Why we like it: With a simple press of the “Start workout” button, you can track all of your activities with ease. MapMyFitness sends you motivational emails each week, month, and year to show you the cumulative progress of your workouts. It’s a great way to track the pace of each mile completed as well as your average pace during your entire workout. The voice prompts at each mile are great motivators to keep moving.

MyFitnessPal

MyFitnessPal

This app isn’t just about fitness: It also helps you track your food intake and hydration to help you meet your health goals. By completing a simple profile, you can set any weight-loss goals (including how many pounds you’d like to lose each week) and MyFitnessPal will help you stay on track with daily and weekly motivational support. The food database contains over two-million items, making it easy to find and tap the ones you’ve eaten for your daily log—no need to write out a detailed food journal!

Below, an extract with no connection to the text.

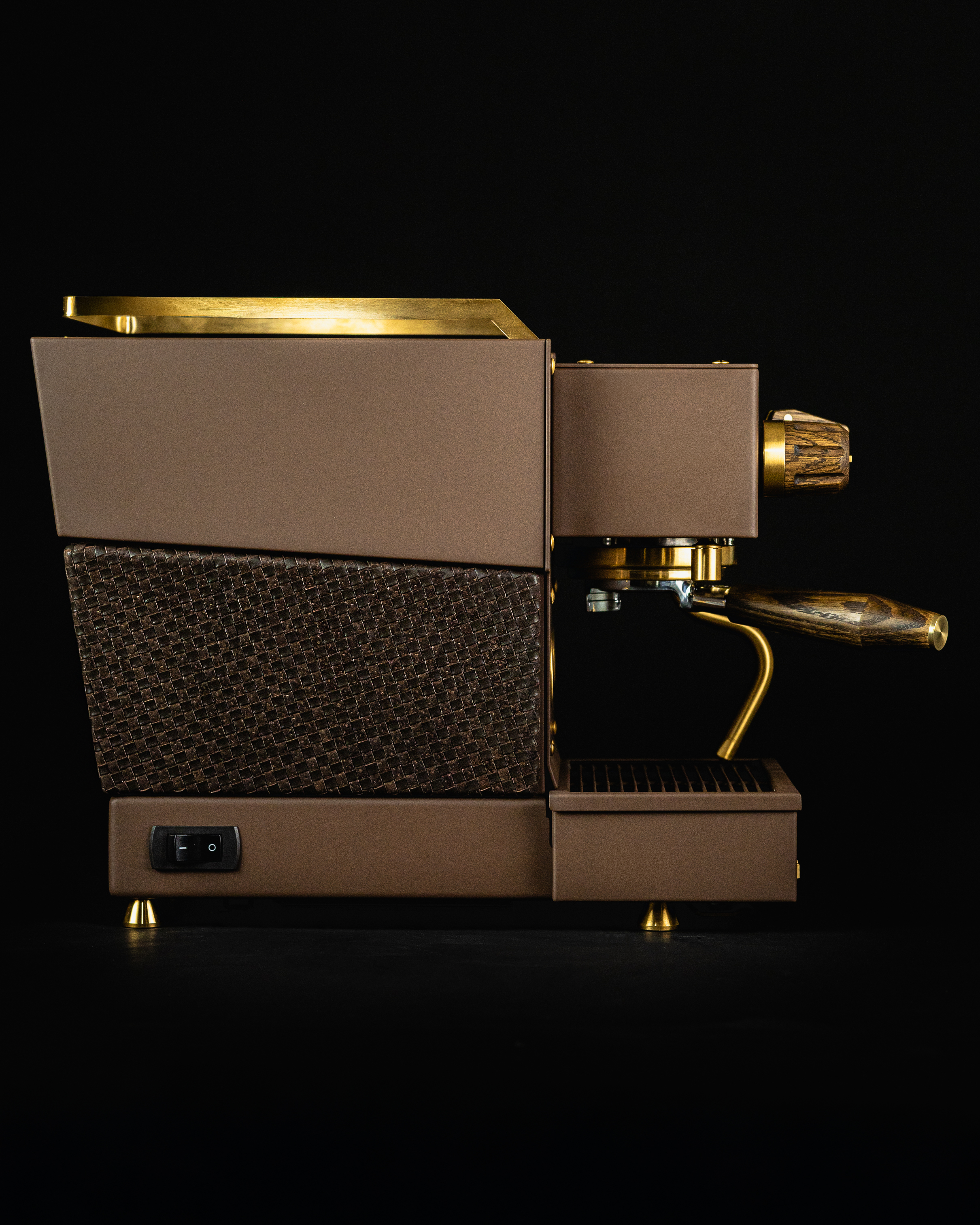 Patiently woven by hand and set in place around the machine's core, the alternating surface texture invites touch - a tactile experience that distinguishes the Woven Kangaroo-leather Specht from almost every other home espresso machine.

Why we like it: This is a great app for monitoring both food consumption and physical activity. If you’re looking to lose weight, it enables you to develop a personalized diet profile based on your unique needs. You can also add your own recipes to the database. If you wear a fitness tracker (such as a Garmin Connect), you can sync your workouts to the app with the press of a button.

Lose It!

Lose It

If you’re looking to lose weight and want a simple way to track your food intake, this is the app for you. After you set up a brief profile, which includes your goal weight, Lose It! calculates a personalized plan for you, including a daily caloric allotment and a countdown to the number of days ahead of you to meet your goal. You can easily track your food intake and exercise using a searchable database. Lose It! comes with a barcode scanner to help you track your intake of packaged foods. It only takes seconds to log a meal, so keeping a food journal is a breeze.

Why we like it: Like MyFitnessPal, Lose It! can connect to a variety of wireless devices and fitness trackers so you can sync them all. If you dread the thought of keeping a food diary, the barcode scanner does all of the work for you. Lose It! also has a great online community that you can reach out to if you need support or advice. Lose It! provides you with motivation along the way, including texts that congratulate you as you move closer to your goal.

The bottom line

Multiple research studies have shown that tracking diet, exercise, and weight are a huge component of weight-loss success. Thanks to technology, these diet and fitness tracking apps have made self-monitoring easier than ever. Consider trying one of these free apps to help you set a goal and stick to it.

My chronic life

Any of the above fitness and nutrition apps can be helpful when you have a chronic illness; for instance, Leslie Rott, who lives with rheumatoid arthritis and lupus, uses activity trackers to help her monitor her diseases. There’s a fitness tracker that women wear inside their bodies to help with incontinence. And there are apps that help you manage sleep disorders — which, let’s face it, affect all chronic illnesses.